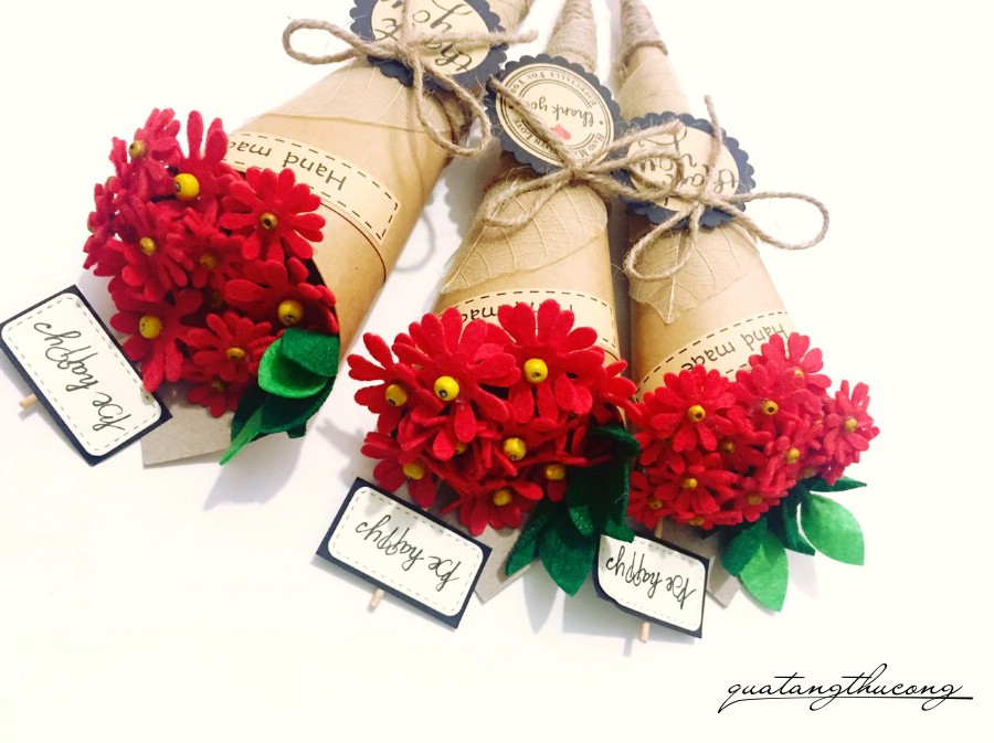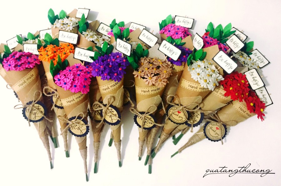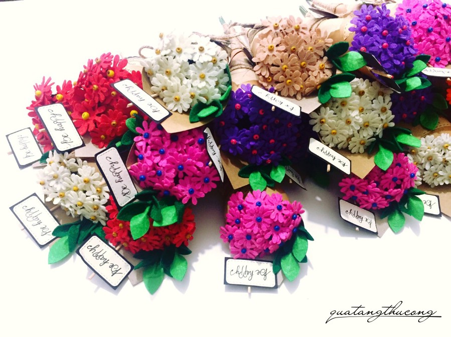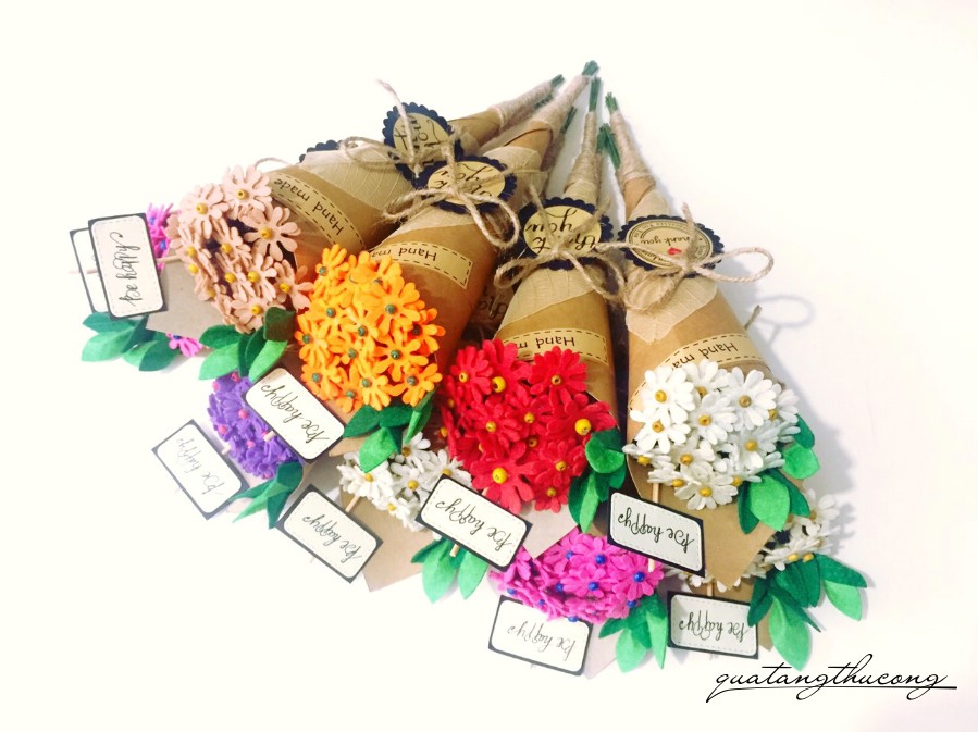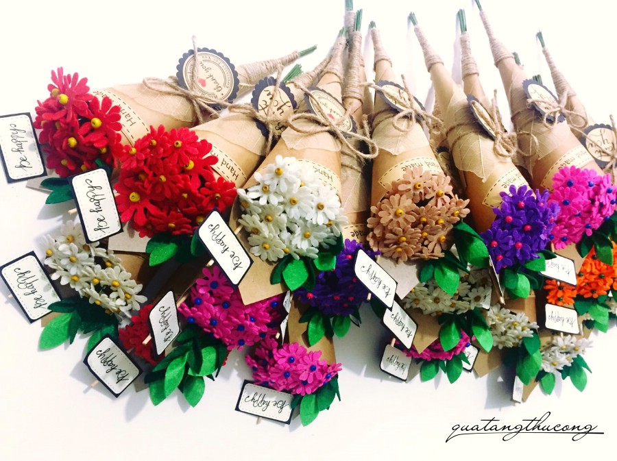 Những bó hoa từ giấy mỹ thuật, từ vải đã quá quen thuộc tại Vinacraft rồi. Tuy nhiên thì không hề nhàm chán vì có rất nhiều loại hoa: hoa hồng, hoa thạch thảo, hoa Tulip, hoa cẩm tú cầu, hoa đồng tiền, hoa cúc... và được làm từ nhiều màu sắc rất sống động.
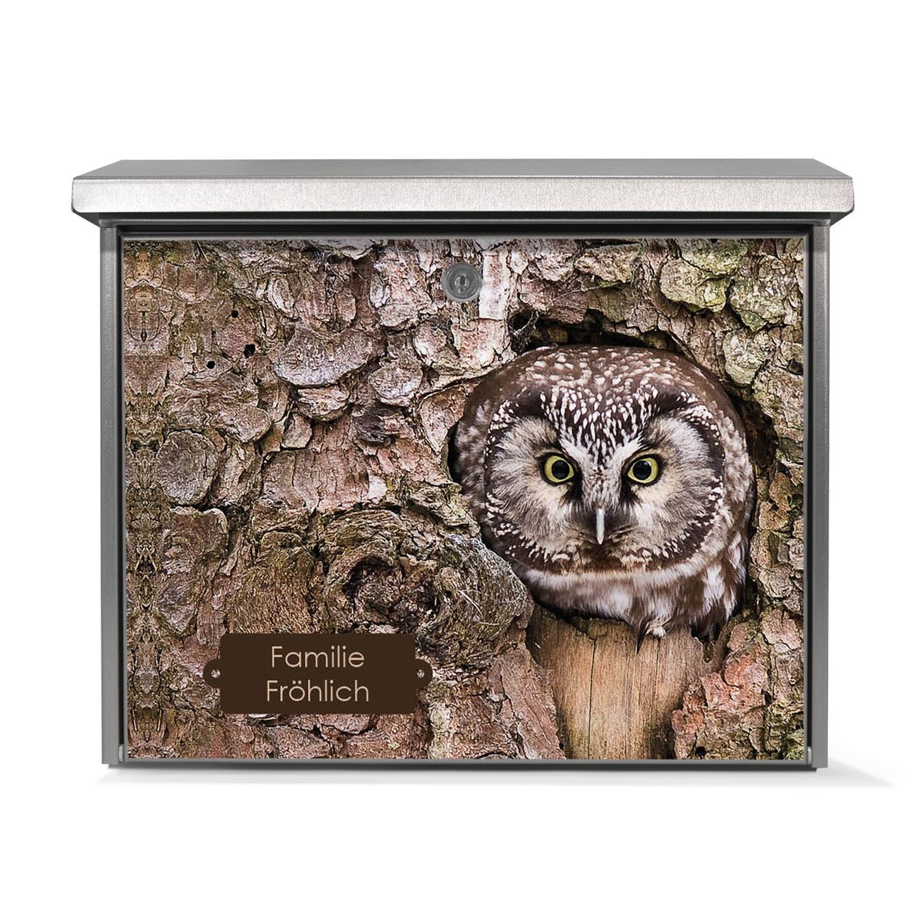 Der Postkasten mit Eule Motiv hat ein sehr ansprechendes und zeitloses Design. Unsere Motivpalette hält jede Menge Varianten bereit, ob klassisch, modern, verspielt oder witzig - für jeden haben wir das passende Motiv parat. Der Briefkasten ist das Aushängeschild Ihres Hauses.
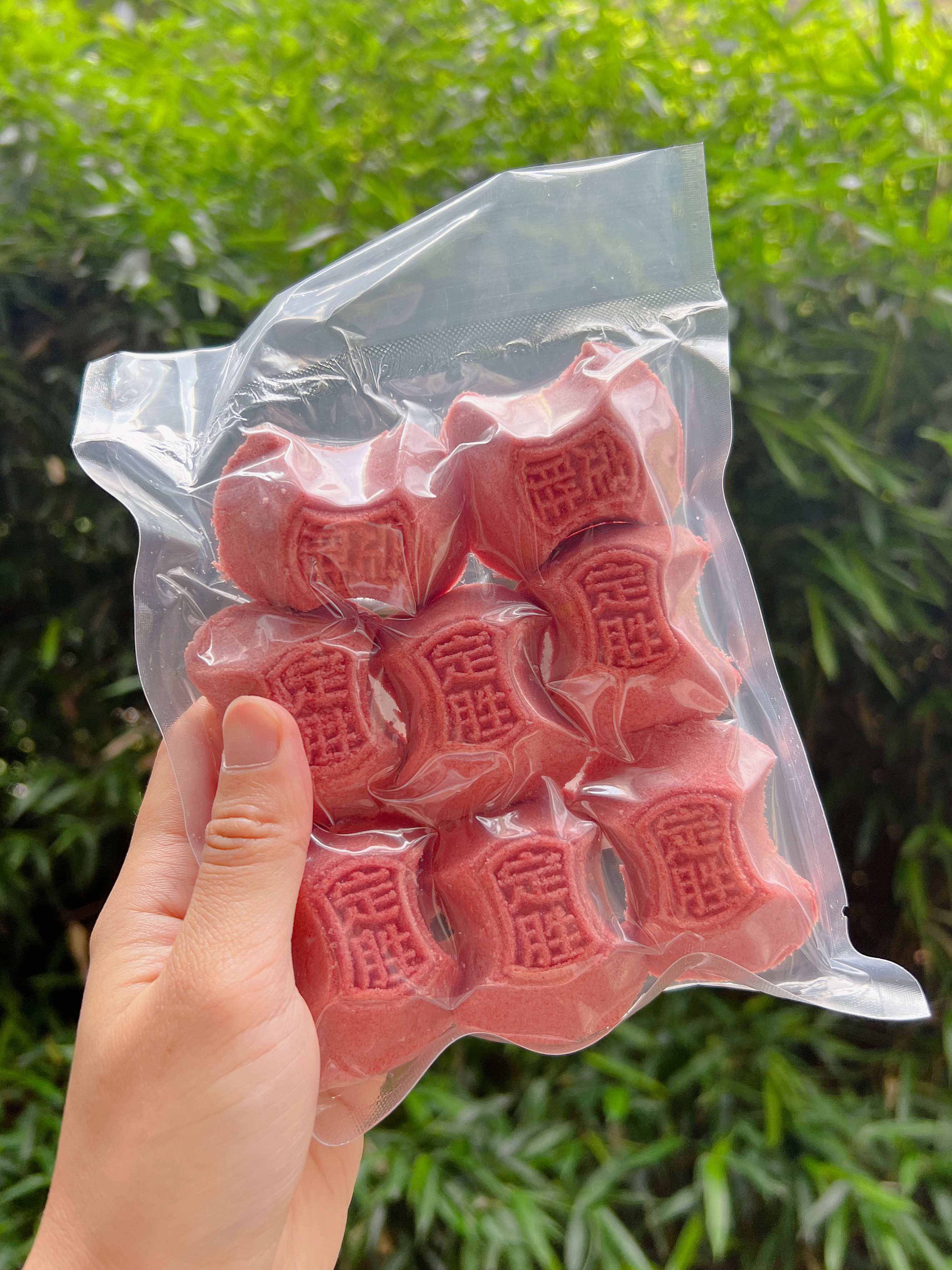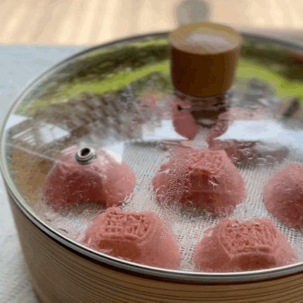 水开后上锅,蒸10分钟就好啦,红色来源于天然的红曲粉,蒸熟后的颜色,清爽干净,让人食欲大增。热腾腾刚出炉的定胜糕,凑近闻有米香,混合着香甜的豆沙味。看上去糕体松散,但入口却是湿湿的、糯糯的,有明显的米香,一定要趁热吃哦。
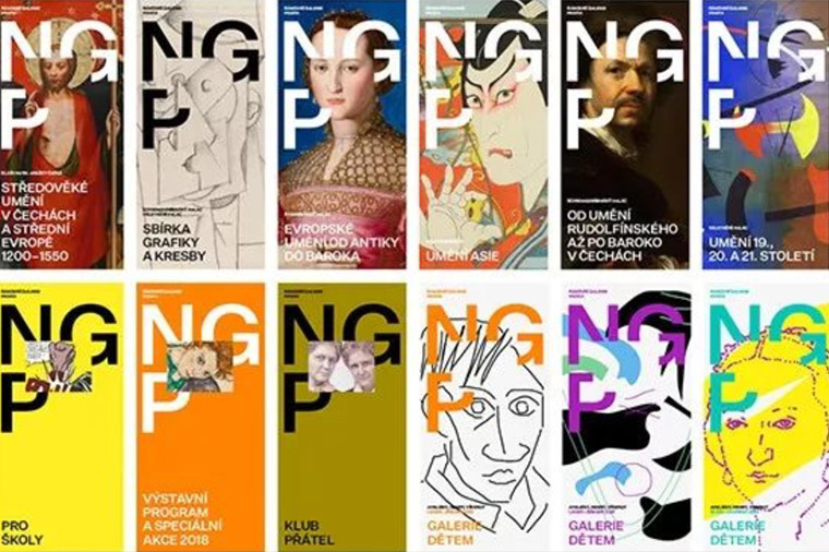 Národnígalerie v Praze(“布拉格国家美术馆”,简称“NGP”)成立于1796年,前身为布拉格画廊, 是捷克最大、最重要的艺术殿堂。捷克国家美术馆分别设有捷克斯洛伐克历史时期的美术陈列馆、欧洲古代美术陈列馆、欧洲中世纪美术陈列馆、捷克斯洛伐克雕塑陈列馆。2017年底,布拉格国家美术馆与CZECHDESIGN(该协会帮助客户找到设计师并组织比赛)合作发布新标识设计比赛。他们邀请了十家工作室参加,基于国家美术馆作为一个艺术展示空间的意义和使命建立一个独特的设计,最终Najbrt Studio工作室成为获胜者,他们的提案或许将于今年秋季实施。
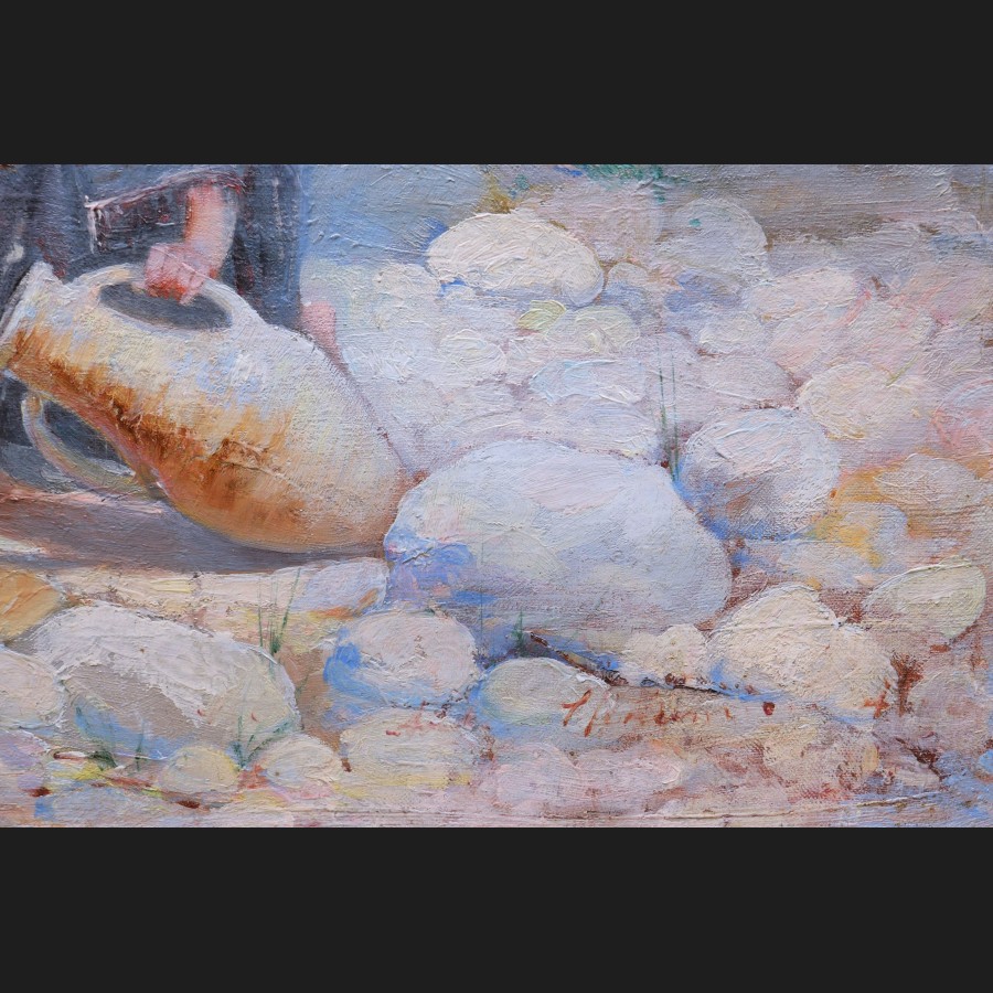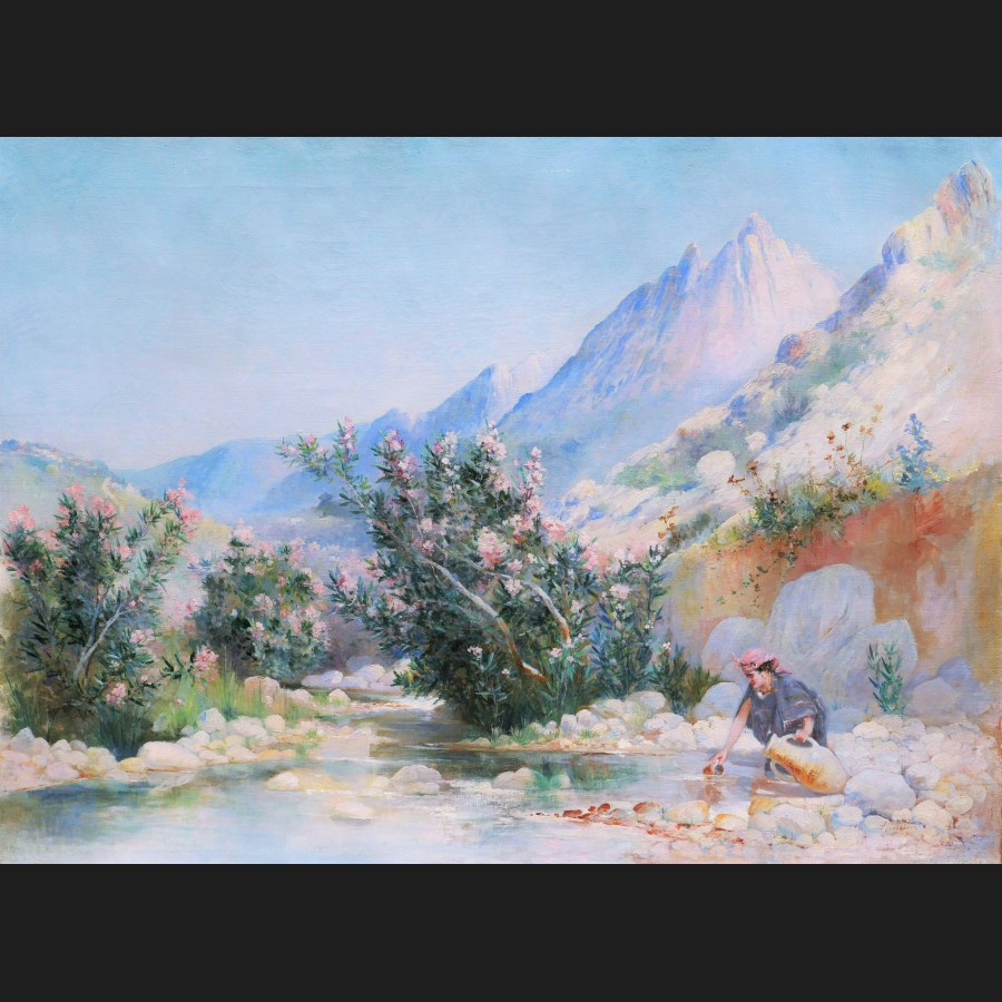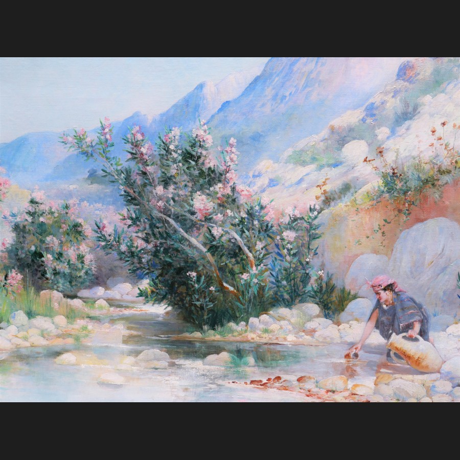 École FRANCAISE circa 1890, Femme puisant de l'eau dans une rivière, Algérie, tableau

TASK OBJECTIVE - All records should be output exactly, with the pictures left out.

EXPECTED OUTPUT -
 Những bó hoa từ giấy mỹ thuật, từ vải đã quá quen thuộc tại Vinacraft rồi. Tuy nhiên thì không hề nhàm chán vì có rất nhiều loại hoa: hoa hồng, hoa thạch thảo, hoa Tulip, hoa cẩm tú cầu, hoa đồng tiền, hoa cúc... và được làm từ nhiều màu sắc rất sống động.
 Der Postkasten mit Eule Motiv hat ein sehr ansprechendes und zeitloses Design. Unsere Motivpalette hält jede Menge Varianten bereit, ob klassisch, modern, verspielt oder witzig - für jeden haben wir das passende Motiv parat. Der Briefkasten ist das Aushängeschild Ihres Hauses.
 水开后上锅,蒸10分钟就好啦,红色来源于天然的红曲粉,蒸熟后的颜色,清爽干净,让人食欲大增。热腾腾刚出炉的定胜糕,凑近闻有米香,混合着香甜的豆沙味。看上去糕体松散,但入口却是湿湿的、糯糯的,有明显的米香,一定要趁热吃哦。
 Národnígalerie v Praze(“布拉格国家美术馆”,简称“NGP”)成立于1796年,前身为布拉格画廊, 是捷克最大、最重要的艺术殿堂。捷克国家美术馆分别设有捷克斯洛伐克历史时期的美术陈列馆、欧洲古代美术陈列馆、欧洲中世纪美术陈列馆、捷克斯洛伐克雕塑陈列馆。2017年底,布拉格国家美术馆与CZECHDESIGN(该协会帮助客户找到设计师并组织比赛)合作发布新标识设计比赛。他们邀请了十家工作室参加,基于国家美术馆作为一个艺术展示空间的意义和使命建立一个独特的设计,最终Najbrt Studio工作室成为获胜者,他们的提案或许将于今年秋季实施。
 École FRANCAISE circa 1890, Femme puisant de l'eau dans une rivière, Algérie, tableau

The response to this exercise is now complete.